After dropping the pictures, give again exactly the lines of the data from its first line through the line with "出装上,可选择军团荣耀、振兴", which is included as well.

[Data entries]
......

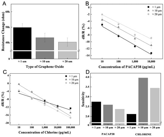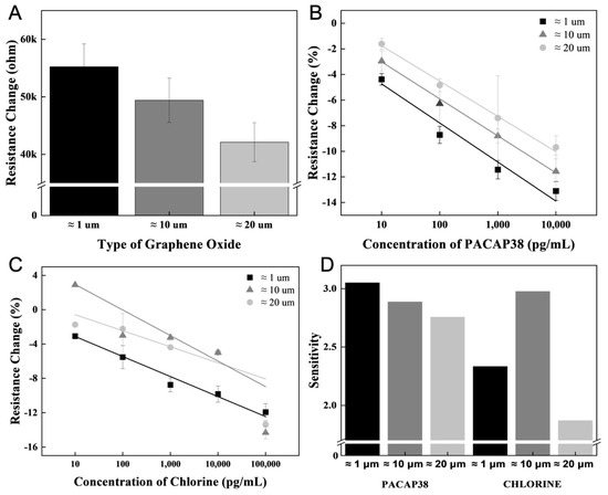 PACAP38 and chlorine detection using a controlled GO flake. (A) Resistance changes according to receptor immobilization depending on the GO flake size. (B) PACAP38 detection in the concentration range of 10 pg/mL~10 ng/mL for GO flakes of different sizes. (C) Linear slope of chlorine detection within a certain concentration range. (D) PACAP38 and chlorine detection slope of the linear function analysis with ≈1, ≈10, and ≈20 μm size of GO flakes.
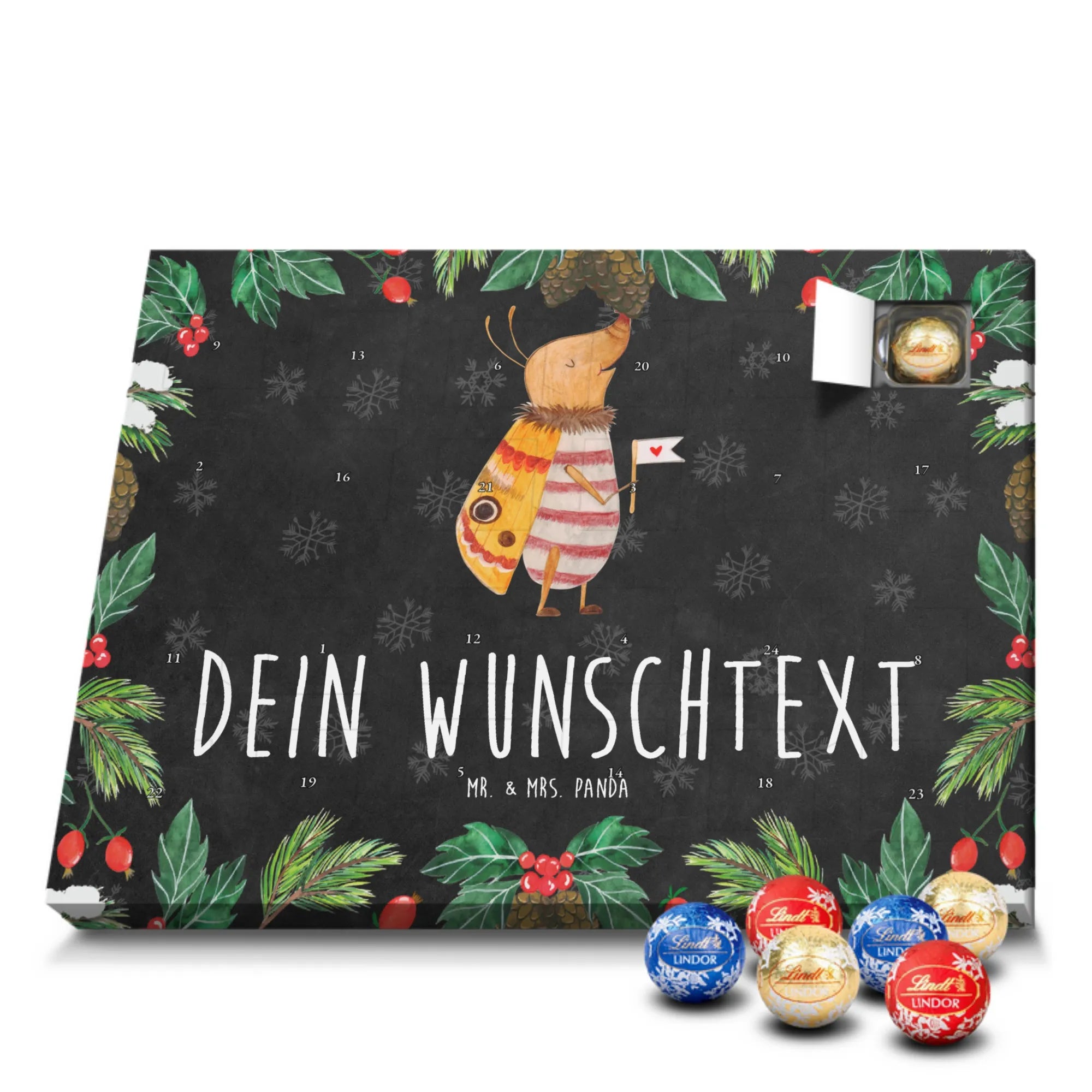 🐼 Schoko Adventskalender personalisiert mit Wunschtext, seidenmatt, gefüllt mit Lindt Hello.
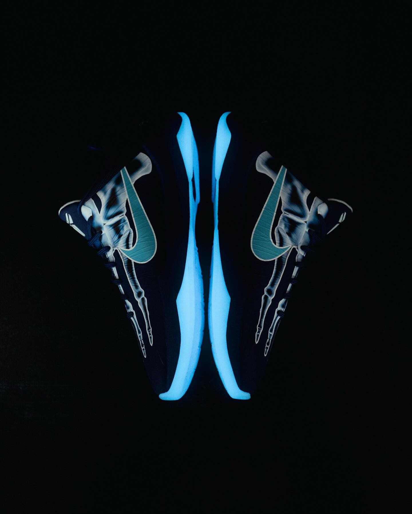 配色灵感相信大家已经很熟悉了,致敬科比当年亲自上身的冠军纪念Tee 为灵感,独特的指骨元素搭配特有的夜光设定,极具视觉冲击。
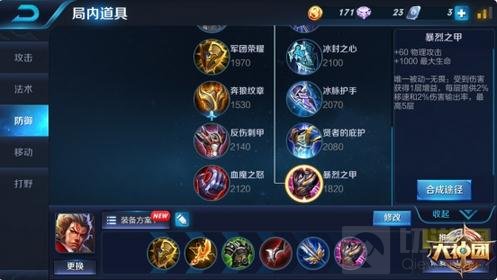 出装上,可选择军团荣耀、振兴之铠、暴烈之甲这三件装备来提升张飞的防御和生命值。闪电匕首、泣血之刃和破军这三件装备可强化张飞的技能伤害。
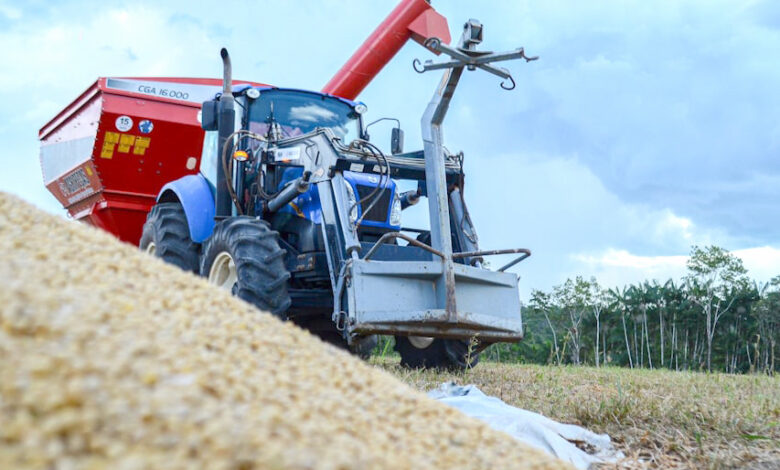 A colheita aconteceu em uma das três fazendas do grupo Agromix, que também possui produção em Porto Grande e Tartarugalzinho. Além de soja e milho, a empresa investe na piscicultura, criação de bubalinos, bovinos e suínos, e recentemente passou a trabalhar com bovinos puros da raça Nelore.

......

Completed task:
 PACAP38 and chlorine detection using a controlled GO flake. (A) Resistance changes according to receptor immobilization depending on the GO flake size. (B) PACAP38 detection in the concentration range of 10 pg/mL~10 ng/mL for GO flakes of different sizes. (C) Linear slope of chlorine detection within a certain concentration range. (D) PACAP38 and chlorine detection slope of the linear function analysis with ≈1, ≈10, and ≈20 μm size of GO flakes.
 🐼 Schoko Adventskalender personalisiert mit Wunschtext, seidenmatt, gefüllt mit Lindt Hello.
 配色灵感相信大家已经很熟悉了,致敬科比当年亲自上身的冠军纪念Tee 为灵感,独特的指骨元素搭配特有的夜光设定,极具视觉冲击。
 出装上,可选择军团荣耀、振兴之铠、暴烈之甲这三件装备来提升张飞的防御和生命值。闪电匕首、泣血之刃和破军这三件装备可强化张飞的技能伤害。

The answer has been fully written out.